Changes in BCEA

March 26, 2019
By

(This article was first published on R on Gianluca Baio, and kindly contributed to R-bloggers)




I’ve just updated the GitHub’s version of BCEA. Andrea has done, as usual, some very nice work – this time he’s mainly focussed on the graphical engine underlying the graphs produced by BCEA to post-process the outcome of the economic model.

The main changes are the following:

  • Added plot rendering via plotly (using the command graph=“plotly”) to each of the functions:
  • ceplane.plot
  • eib.plot
  • ceac.plot
  • evi.plot
  • info.rank
  • Included additional graphical output options to these functions, e.g. point_colors to ceplane.plot. These are fully documented in the function help pages.
  • The running version has been updated to 2.3-00
  • Added rlang, dplyr to “Imports”, to solve the “no visible binding” note and for data manipulation functions in info.rank, respectively
  • Added plotly to “Suggests”
  • Aligned info.rank documentation to roxygen
  • Updated documentation of modified functions

In addition the objects col and ICER.col are now softly deprecated in ceplane.plot (where point_colors and ICER_colors are preferred).

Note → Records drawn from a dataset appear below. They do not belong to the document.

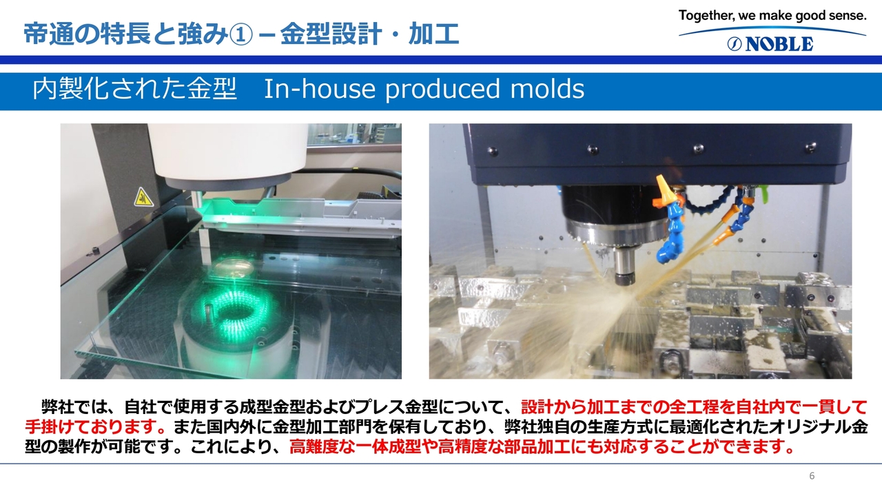 ここからは、弊社の強みである各部門や工程についてご紹介します。まず、金型設計および製造部門についてです。弊社では、成型金型やプレス金型を設計から加工まで一貫して自社内で手掛け、国内外に金型加工部門を保有しています。
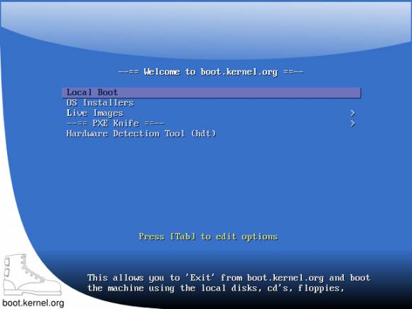 BKO (boot.kernel.org) es una herramienta que permitirá arrancar el sistema operativo Linux desde Internet.
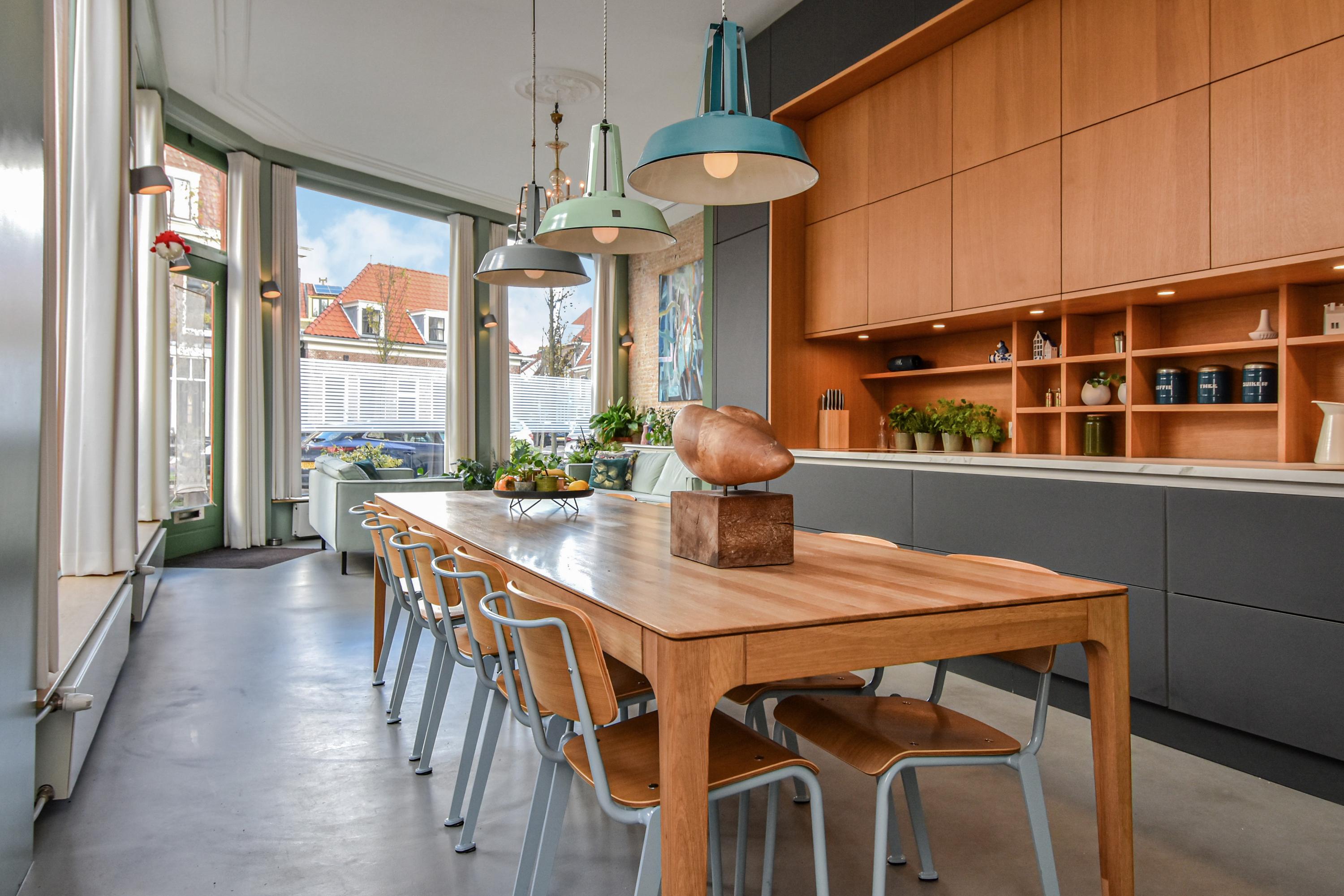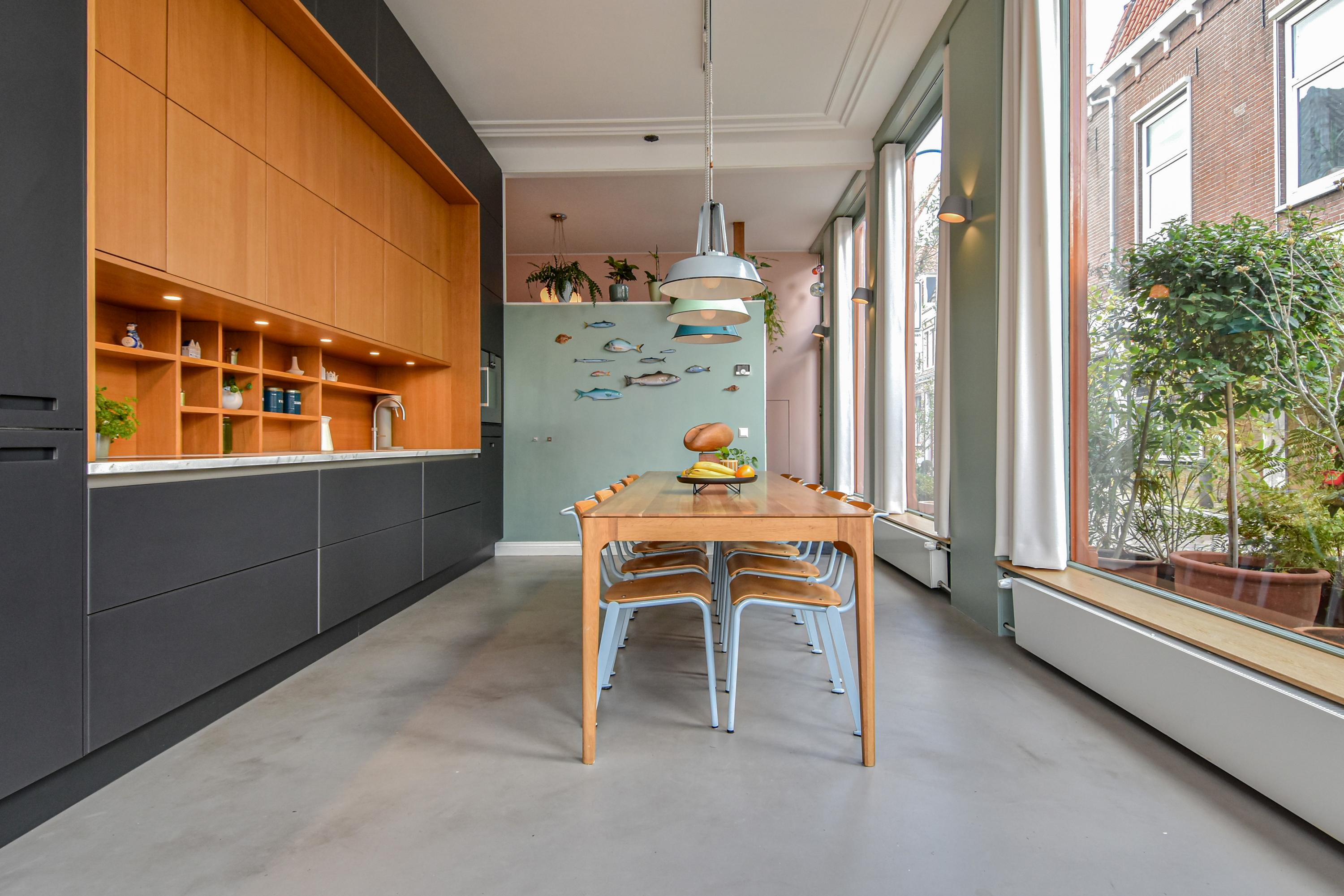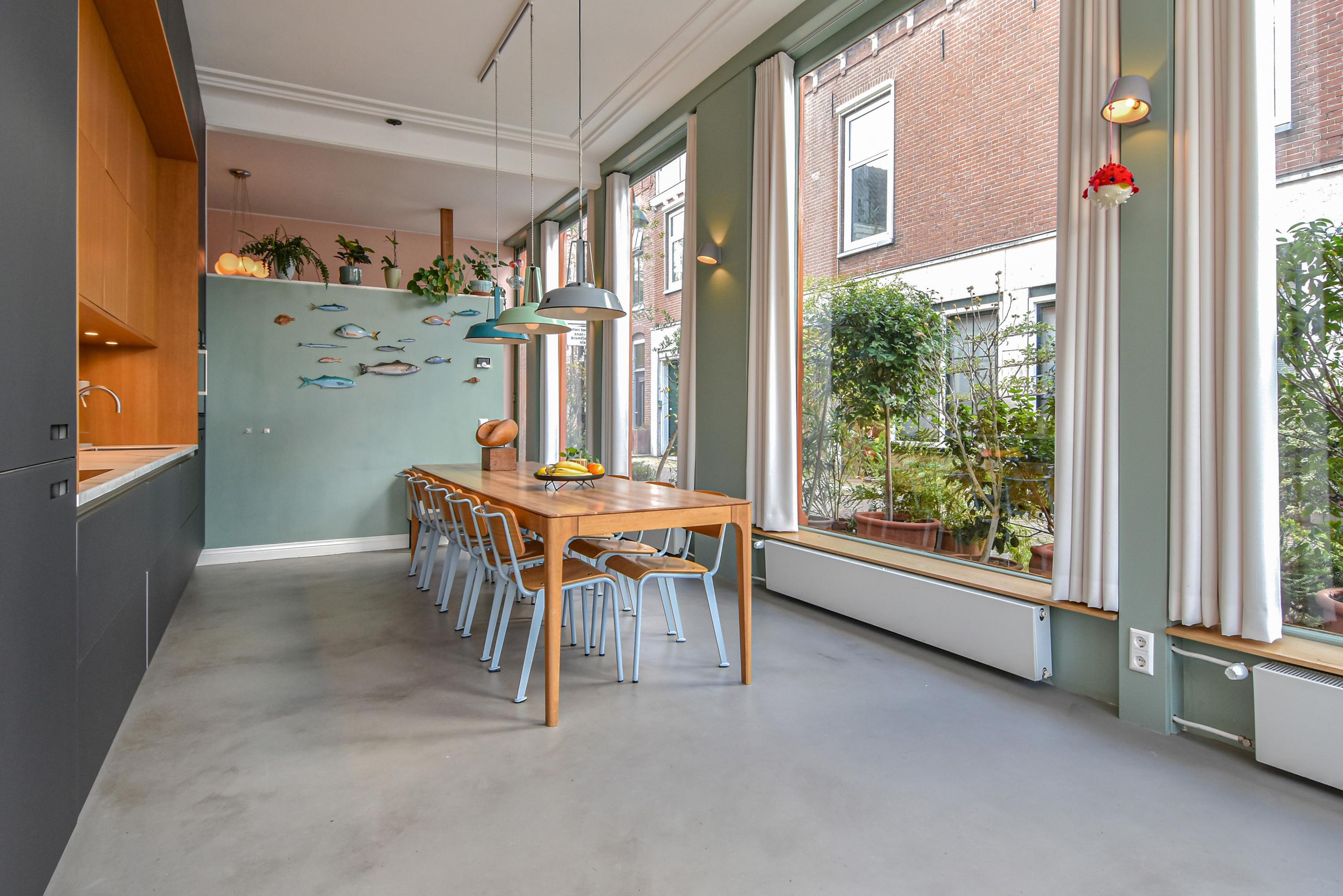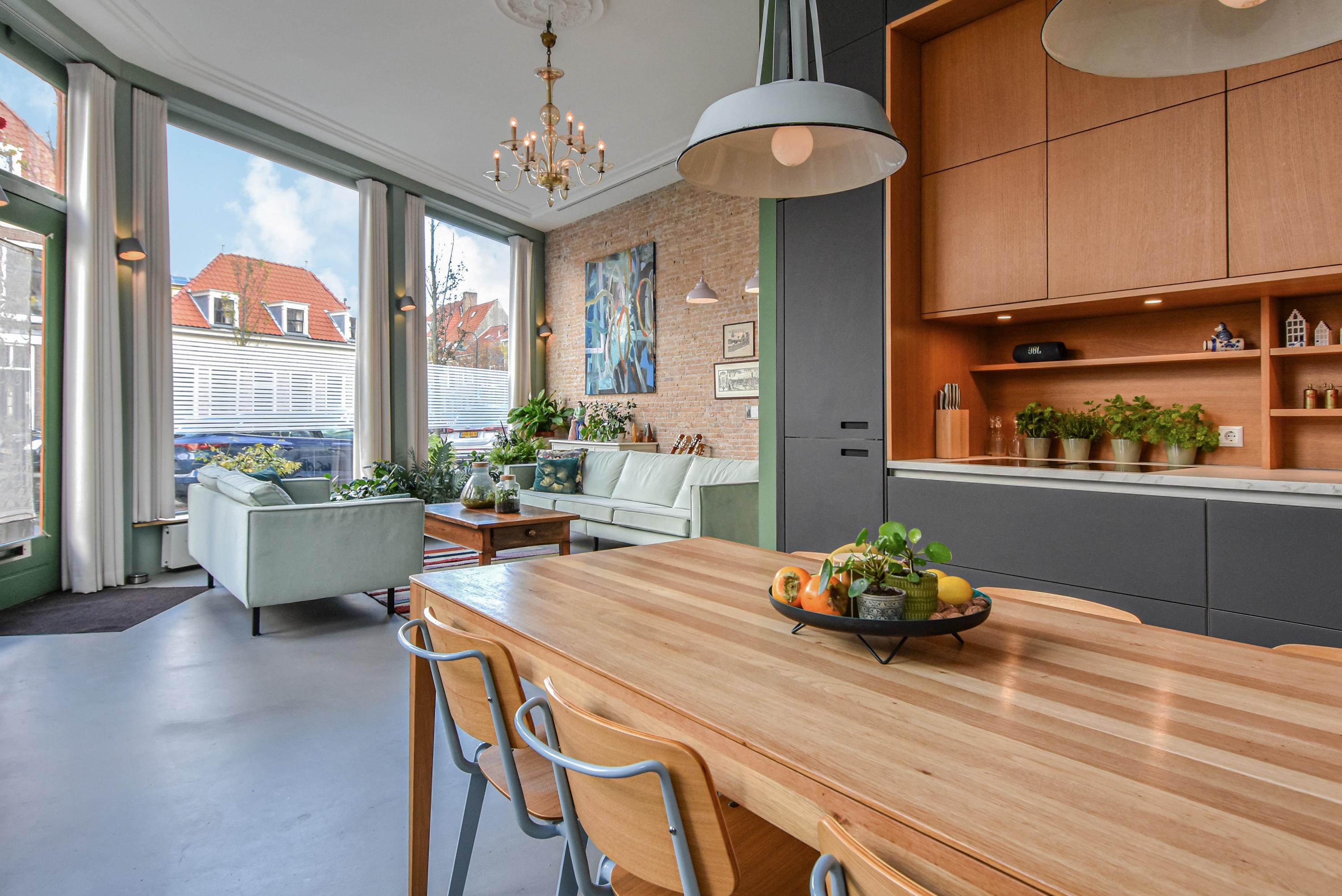 Al entrar, las fachadas de cristal altas y un techo que alcanza los 3,55 metros definen la cocina principal. Molduras de estuco y vidrieras preservadas celebran el linaje arquitectónico. La cocina, equipada con electrodomésticos de alta gama empotrados, se articula en torno a espacios para comer y socializar, flanqueados por dos amplias salas de estar. Un estudio integrado, con entrada independiente y baño con suelo radiante, puede adaptarse fácilmente como suite de invitados o zona de trabajo. En la planta baja hay amplios espacios de almacenamiento y acceso directo a Broerhuisstraat.
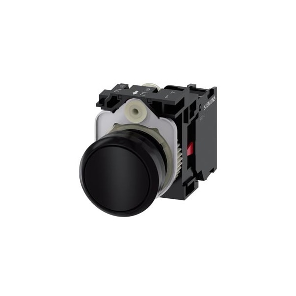 Pushbutton, 22 mm, round, plastic, black, pushbutton, flat, momentary contact type, with holder 1 NC, screw terminal
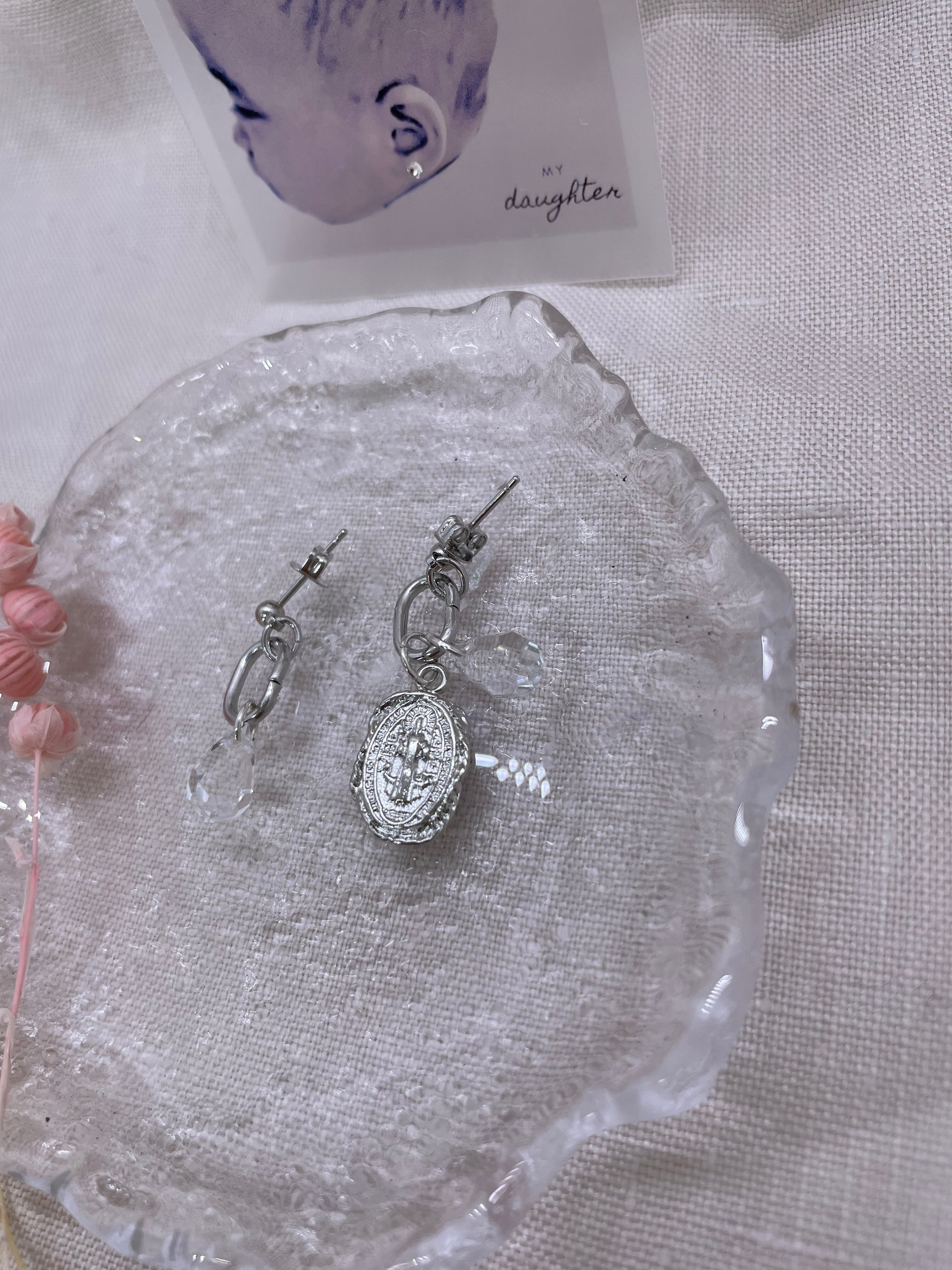 マリアモチーフと透明のスワロフスキーを使ったピアス(0073)
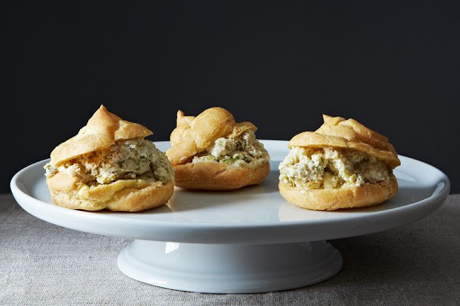 7. Transfer to a rack to allow profiteroles to cool completely. Once cooled, cut in half, and fill with the set frozen pistachio mousse, using a spoon.

Assuming you’ve updated BCEA (using for example devtools::update_github(“giabaio/BCEA”)) and that you have installed plotly, then you can test the new graphical engine using code such as the below

# Load BCEA
library(BCEA)
# Load the Vaccine example dataset (built-in)
data(Vaccine)
# Runs bcea
m=bcea(e,c,ref=2,interventions=c("Status quo","Vaccine"))
# And plots the results
ceplane.plot(m,graph="plotly")
ceac.plot(m,graph="plotly")

which produces the following graphs.

plotly is of course super cool in that it lets you explore elements of the graph — for example, you can hover over the points in the Cost-Effectiveness plane (the left hand side graph) and you can actually visualise the points coordinates. Similarly, when you move the cursor across the CEAC (the curve on the right hand side), plotly will show the actual value of the probability of cost-effectiveness.

This is actually quite exciting (as I’m playing with it right now, seems like you can do all sorts of cool things, including automatic zooming in a graph etc.).